Now I’m getting this degree and it’s taught me so many things, but not what to do. Except. I think I’m running away from the fact that a creative life, one in which creativity is the focus even if I need some menial job to get by, is the only one that might fit. Living a life predicated on my own creativity frightens me to death. But so does the idea that I might eventually give up and resign myself to a life of putting my head down and performing a job so that I can have fun on the weekends. Am I just refusing to grow up? Or am I refusing to grow into the only space whose dimensions actually fit?

Running Out of Options

Dear R.O.O.,

I used to have this problem and I actually solved it; while that doesn’t mean that I can solve it for you (we’re all different people! Our terms are different!) it does mean that I have A LOT OF THOUGHTS about it.

The problem is the framing. You’re not going to successfully choose between having a regular job and making art. This is because you need food to live and a house to live in, and no career in the arts is going to provide those things for at least (AT LEAST) the first decade, if it ever does at all.

“Of course,” you’re saying. “Don’t patronize me. I know that. So what I’ll do is get some day job to pay the bills. Something undemanding, so that I have my mind free for the things I really care about.”

I’m here to tell you something: the day job is a mug’s game. What you want is a job that you really care about. Yes, that’s correct: I’m suggesting that you should have both an art practice that you are passionate about AND an actual, regular, out-in-the-world job that you also deeply care about. This was the only solution that worked for me, because going to a job I didn’t care about was actually profoundly enervating and depressing. In fact, I was too enervated and depressed to work on my art in my free time. The amount of time you need to spend on something to earn a living at it is simply too much time to spend on something that doesn’t matter to you. You will feel dead. You will feel like you’ve been cryogenically frozen. You’ll think it’s because you should be working on your art instead, but it will actually be because you need a better job.

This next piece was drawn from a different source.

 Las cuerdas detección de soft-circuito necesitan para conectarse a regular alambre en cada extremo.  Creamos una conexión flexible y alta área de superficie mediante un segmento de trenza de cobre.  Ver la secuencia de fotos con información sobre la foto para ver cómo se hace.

R.O.O., you couldn’t commit to any of those past jobs, even the ones that were interesting, even the ones that felt like they mattered, because you thought that committing to them meant closing off your creative life. But it doesn’t—it just means letting go of a fantasy version of your creative life, in which art is all you do. Doing something in addition to your creative work makes your world bigger and more interesting (and gives you health insurance). So do both! Get a job in maternal health policy, or whatever it is that interests you, and also launch that enormous photography project, or whatever your creative practice is. I know, that sounds miserable and you think you’ll be exhausted. But it will be okay! Just make sure you get enough sleep and food, because you will burn out fast otherwise. That’s actually my baseline advice to you: get at least seven hours of sleep per night, and eat a healthy diet, and just do all of it.

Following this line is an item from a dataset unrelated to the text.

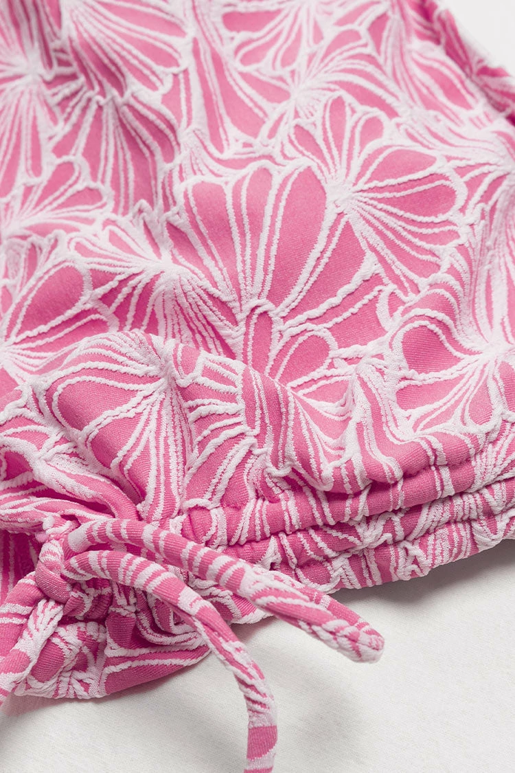 Get ready to slay in the sun with our Abigayle Jacquard Drawstring Side Halter Tankini. Bikini top features halter neck with drawstring sides for the perfect fit. Matching bottom has mid-waisted for flattering tummy coverage.

Ask yourself a question: if you had no inclination toward art at all, what would you be doing for a living? Do that. And make art too. The only way to have enough energy for your life is to enjoy what you’re doing.

And read P.D. James’s Shroud for a Nightingale. James was a civil servant all her life, even after becoming wildly successful as a writer of mysteries. Her pleasure both in her work as a writer and in her work with the National Health Service, which provided much of the medical and bureaucratic detail she uses in the setting for the novel, are on full display here. It’s a classic cozy British mystery (I think any murder mystery that focuses so minutely on the victim’s final cup of tea has to be classified as a cozy) and it’s fun, which is important for a grad student already drowning in reading. Godspeed.